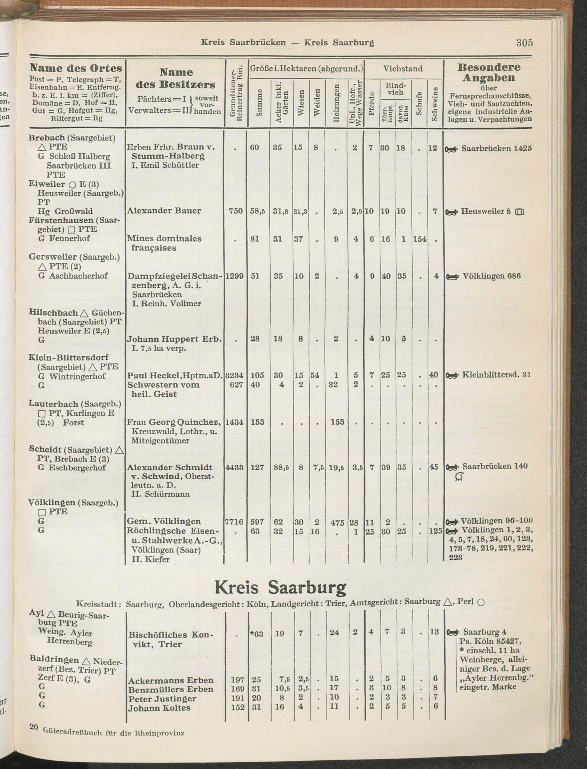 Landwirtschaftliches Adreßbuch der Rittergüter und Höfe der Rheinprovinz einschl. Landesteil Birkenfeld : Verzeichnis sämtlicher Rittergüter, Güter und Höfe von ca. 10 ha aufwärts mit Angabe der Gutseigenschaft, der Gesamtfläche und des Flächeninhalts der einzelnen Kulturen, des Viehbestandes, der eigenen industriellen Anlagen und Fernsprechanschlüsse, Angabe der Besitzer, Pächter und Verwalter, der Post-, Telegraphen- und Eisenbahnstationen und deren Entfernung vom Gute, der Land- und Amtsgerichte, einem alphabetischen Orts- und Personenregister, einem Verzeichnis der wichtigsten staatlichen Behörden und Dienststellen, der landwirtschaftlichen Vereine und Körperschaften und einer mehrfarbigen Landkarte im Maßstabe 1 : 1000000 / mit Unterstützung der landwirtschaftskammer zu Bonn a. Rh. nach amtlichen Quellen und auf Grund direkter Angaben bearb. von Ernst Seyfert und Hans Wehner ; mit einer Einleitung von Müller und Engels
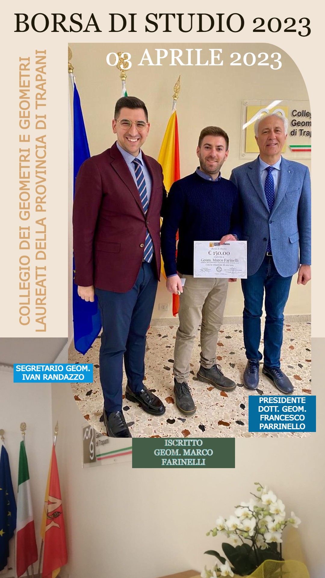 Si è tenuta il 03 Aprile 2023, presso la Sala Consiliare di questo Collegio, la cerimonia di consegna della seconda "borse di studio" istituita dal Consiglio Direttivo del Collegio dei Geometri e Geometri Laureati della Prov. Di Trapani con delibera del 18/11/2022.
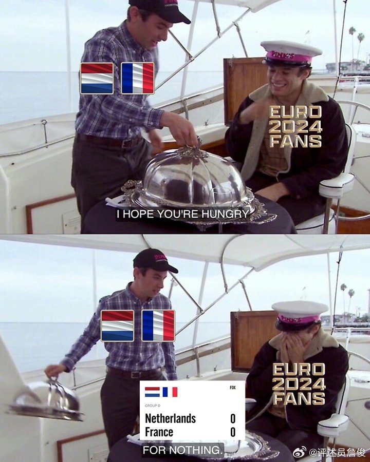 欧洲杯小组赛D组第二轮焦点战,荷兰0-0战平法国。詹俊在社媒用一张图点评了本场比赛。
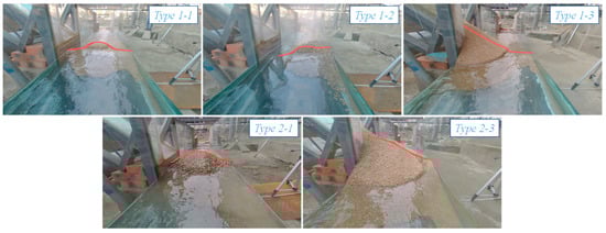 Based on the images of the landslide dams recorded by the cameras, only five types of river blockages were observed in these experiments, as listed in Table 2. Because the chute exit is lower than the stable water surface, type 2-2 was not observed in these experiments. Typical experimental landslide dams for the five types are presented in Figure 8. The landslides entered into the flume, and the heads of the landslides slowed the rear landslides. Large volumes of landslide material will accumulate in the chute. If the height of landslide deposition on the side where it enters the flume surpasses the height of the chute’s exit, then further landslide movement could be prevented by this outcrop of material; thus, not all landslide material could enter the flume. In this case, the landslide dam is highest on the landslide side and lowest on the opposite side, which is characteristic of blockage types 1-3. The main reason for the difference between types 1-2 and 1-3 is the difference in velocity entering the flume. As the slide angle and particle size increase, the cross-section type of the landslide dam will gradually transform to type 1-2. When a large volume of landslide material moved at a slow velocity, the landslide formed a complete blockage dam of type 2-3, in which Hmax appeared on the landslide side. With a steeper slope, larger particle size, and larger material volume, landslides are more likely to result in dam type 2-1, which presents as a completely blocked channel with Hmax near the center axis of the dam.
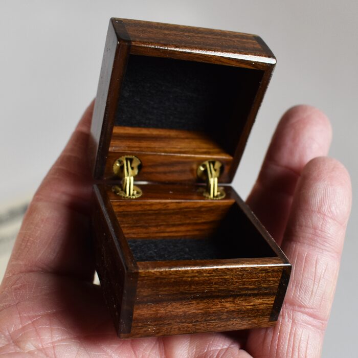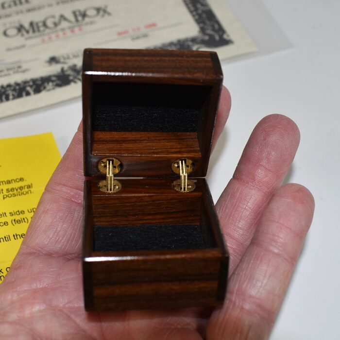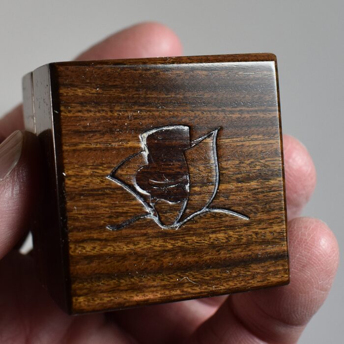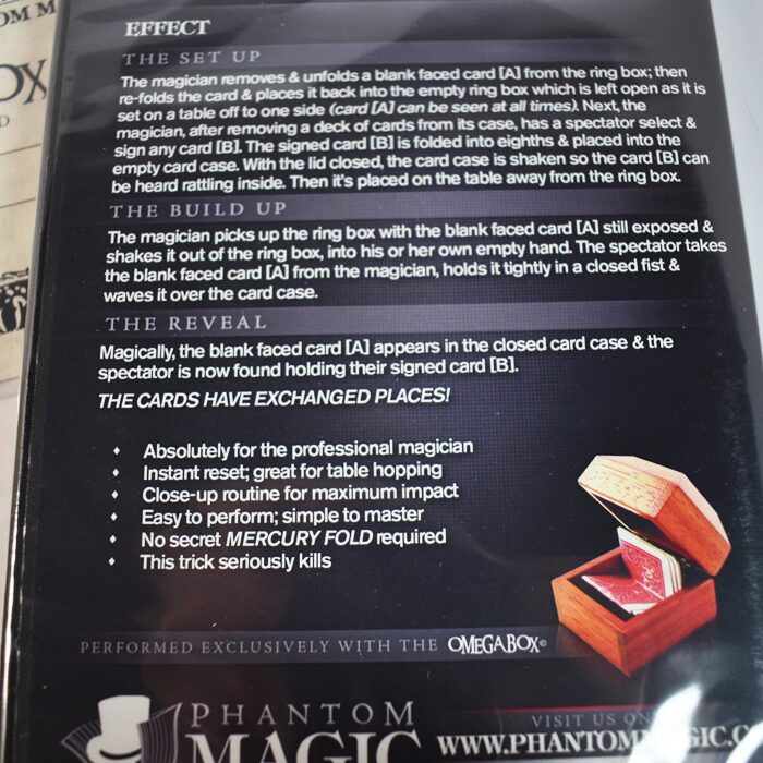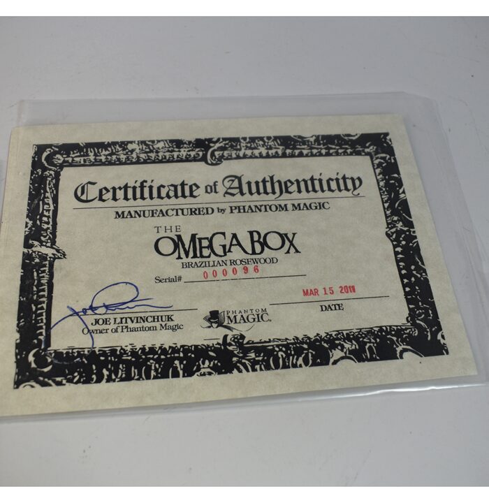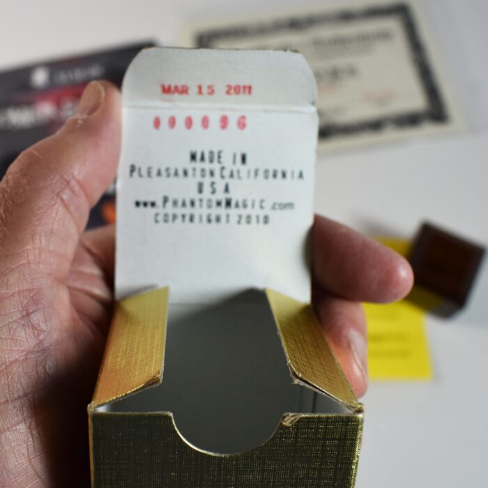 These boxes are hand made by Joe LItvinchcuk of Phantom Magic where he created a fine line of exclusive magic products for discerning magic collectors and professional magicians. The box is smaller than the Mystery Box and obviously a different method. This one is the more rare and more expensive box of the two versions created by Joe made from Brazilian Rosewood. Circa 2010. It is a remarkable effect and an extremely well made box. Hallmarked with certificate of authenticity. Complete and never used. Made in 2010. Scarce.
++++++++
Beginning with the line that contains "Si è tenuta", print exactly every line through the end of the records, both included. Omit the pictures.

 Si è tenuta il 03 Aprile 2023, presso la Sala Consiliare di questo Collegio, la cerimonia di consegna della seconda "borse di studio" istituita dal Consiglio Direttivo del Collegio dei Geometri e Geometri Laureati della Prov. Di Trapani con delibera del 18/11/2022.
 欧洲杯小组赛D组第二轮焦点战,荷兰0-0战平法国。詹俊在社媒用一张图点评了本场比赛。
 Based on the images of the landslide dams recorded by the cameras, only five types of river blockages were observed in these experiments, as listed in Table 2. Because the chute exit is lower than the stable water surface, type 2-2 was not observed in these experiments. Typical experimental landslide dams for the five types are presented in Figure 8. The landslides entered into the flume, and the heads of the landslides slowed the rear landslides. Large volumes of landslide material will accumulate in the chute. If the height of landslide deposition on the side where it enters the flume surpasses the height of the chute’s exit, then further landslide movement could be prevented by this outcrop of material; thus, not all landslide material could enter the flume. In this case, the landslide dam is highest on the landslide side and lowest on the opposite side, which is characteristic of blockage types 1-3. The main reason for the difference between types 1-2 and 1-3 is the difference in velocity entering the flume. As the slide angle and particle size increase, the cross-section type of the landslide dam will gradually transform to type 1-2. When a large volume of landslide material moved at a slow velocity, the landslide formed a complete blockage dam of type 2-3, in which Hmax appeared on the landslide side. With a steeper slope, larger particle size, and larger material volume, landslides are more likely to result in dam type 2-1, which presents as a completely blocked channel with Hmax near the center axis of the dam.
 These boxes are hand made by Joe LItvinchcuk of Phantom Magic where he created a fine line of exclusive magic products for discerning magic collectors and professional magicians. The box is smaller than the Mystery Box and obviously a different method. This one is the more rare and more expensive box of the two versions created by Joe made from Brazilian Rosewood. Circa 2010. It is a remarkable effect and an extremely well made box. Hallmarked with certificate of authenticity. Complete and never used. Made in 2010. Scarce.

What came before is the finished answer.